▶ [What needs to be done]: All of the records that follow need to be copied word for word, without the pictures.

*** Data Section Begins ***

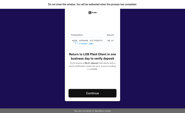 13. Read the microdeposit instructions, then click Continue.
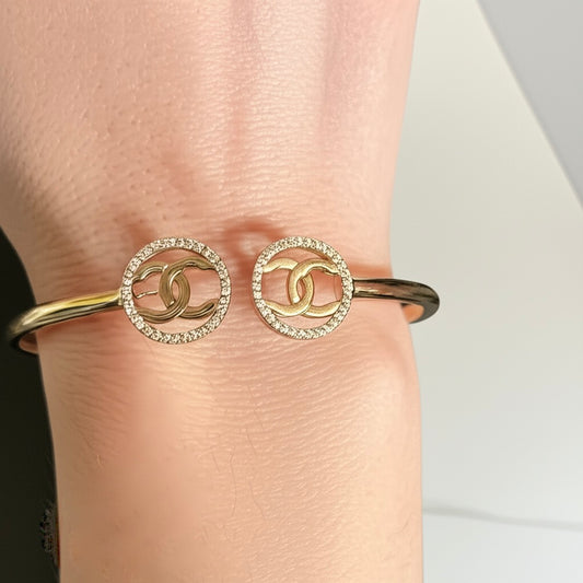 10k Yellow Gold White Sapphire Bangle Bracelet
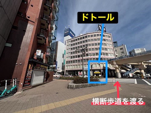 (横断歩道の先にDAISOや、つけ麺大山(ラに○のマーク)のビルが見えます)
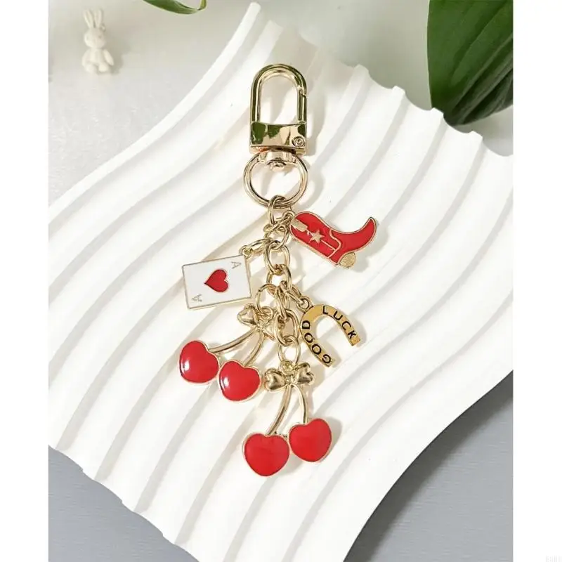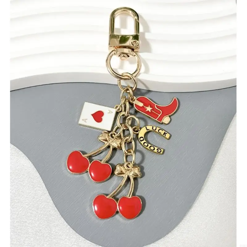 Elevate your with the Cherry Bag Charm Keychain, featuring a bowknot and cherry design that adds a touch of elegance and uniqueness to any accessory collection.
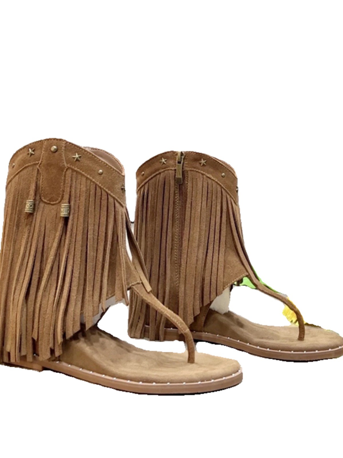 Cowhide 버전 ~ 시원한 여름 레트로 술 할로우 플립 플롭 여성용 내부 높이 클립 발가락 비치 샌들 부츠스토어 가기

*** Data Section Ends ***

▶ [Expected answer]:
 13. Read the microdeposit instructions, then click Continue.
 10k Yellow Gold White Sapphire Bangle Bracelet
 (横断歩道の先にDAISOや、つけ麺大山(ラに○のマーク)のビルが見えます)
 Elevate your with the Cherry Bag Charm Keychain, featuring a bowknot and cherry design that adds a touch of elegance and uniqueness to any accessory collection.
 Cowhide 버전 ~ 시원한 여름 레트로 술 할로우 플립 플롭 여성용 내부 높이 클립 발가락 비치 샌들 부츠스토어 가기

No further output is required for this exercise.